In this exercise, the entries below include pictures. Repeat exactly the lines from the line with "ちなみにホットドックはカウン" to the line with "이번 탐방에는 부산 16개", including both, but without the pictures.

• _INFORMATION PROVIDED_:
*** Begin section ***
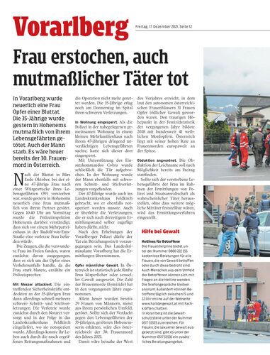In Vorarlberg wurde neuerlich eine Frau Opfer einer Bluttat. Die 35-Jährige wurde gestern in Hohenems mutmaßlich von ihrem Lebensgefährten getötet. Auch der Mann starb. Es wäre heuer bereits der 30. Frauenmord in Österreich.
*** End section ***
*** Begin section ***
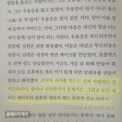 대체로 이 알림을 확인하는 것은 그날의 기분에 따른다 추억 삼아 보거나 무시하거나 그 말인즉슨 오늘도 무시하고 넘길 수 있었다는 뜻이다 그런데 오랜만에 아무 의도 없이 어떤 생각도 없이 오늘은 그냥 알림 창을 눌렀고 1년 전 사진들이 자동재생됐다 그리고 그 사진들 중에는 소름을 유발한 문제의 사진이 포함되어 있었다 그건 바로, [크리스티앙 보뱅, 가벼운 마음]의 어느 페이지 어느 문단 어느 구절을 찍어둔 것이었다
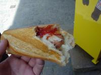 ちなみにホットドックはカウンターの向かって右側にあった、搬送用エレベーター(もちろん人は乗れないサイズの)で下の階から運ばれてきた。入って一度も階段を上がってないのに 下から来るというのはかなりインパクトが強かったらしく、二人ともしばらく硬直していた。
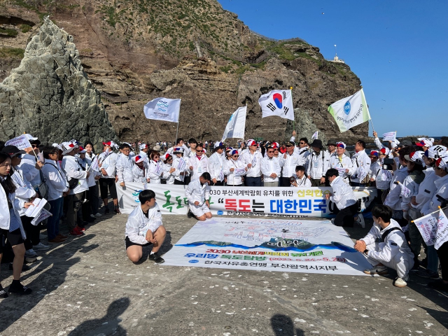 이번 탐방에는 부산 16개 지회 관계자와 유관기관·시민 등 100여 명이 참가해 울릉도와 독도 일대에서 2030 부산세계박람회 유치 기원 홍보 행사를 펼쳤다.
*** End section ***
• _RESPONSE TO THE EXERCISE_:
 ちなみにホットドックはカウンターの向かって右側にあった、搬送用エレベーター(もちろん人は乗れないサイズの)で下の階から運ばれてきた。入って一度も階段を上がってないのに 下から来るというのはかなりインパクトが強かったらしく、二人ともしばらく硬直していた。
 이번 탐방에는 부산 16개 지회 관계자와 유관기관·시민 등 100여 명이 참가해 울릉도와 독도 일대에서 2030 부산세계박람회 유치 기원 홍보 행사를 펼쳤다.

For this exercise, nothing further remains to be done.